Friday 22 May 2009

Kuniyoshi at the Academy

Kuniyoshi, Japanese artist, died 1861. I can't say 'printmaker': he didn't make prints. He made brush paintings which were meticulously translated onto woodblock by highly skilled woodblock cutters and printers. The idea that an artist should make prints is by and large 20th century. Rembrandt made his own prints, only a few artists did. Munakata is the 20th century Japanese artist printmaker who drew and cut his own woodblocks, near-blind, with his nose to the wood.

There's just one of Kuniyoshi's drawings: a quick brush sketch establishing a composition. The brushed line has the energy of time and movement: however skillfully it is cut in wood, that energy is flattened out, lost. The printed line doesn't move like the brushed line. But the prints make up for this in colour and pattern.

Kuniyoshi loved pattern and colour. The prints are a riot of graphic imagination, brilliant colour and finely detailed pattern, not only of clothing and architecture but also of tatoos on the bodies of his samurai.
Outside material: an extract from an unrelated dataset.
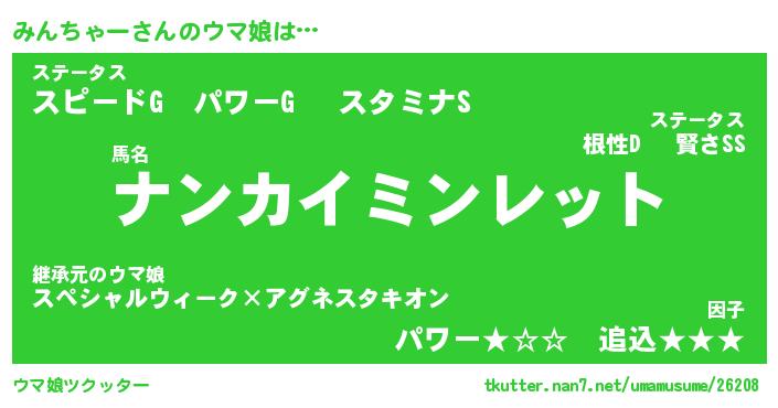 | ポケモン風あだ名 | 『ミンチュウ』『ミンチダネ』 |

Patterned as a whole, patterned in detail. I've the feeling it switches something on in the brain: you come out tuned into pattern. Wonderful, and quite different from our minimalist preference.

Wonderful, omnivorous drawing. My companion delighted to point out a renaissance figure: Kuniyoshi devoured books of engravings and recycled them. But chiefly I remember how imaginative his ideas are: this skeleton is about to pull the backdrop away from the two noblemen, pulling at their world and all it contains as if it were no more than a painted cloth.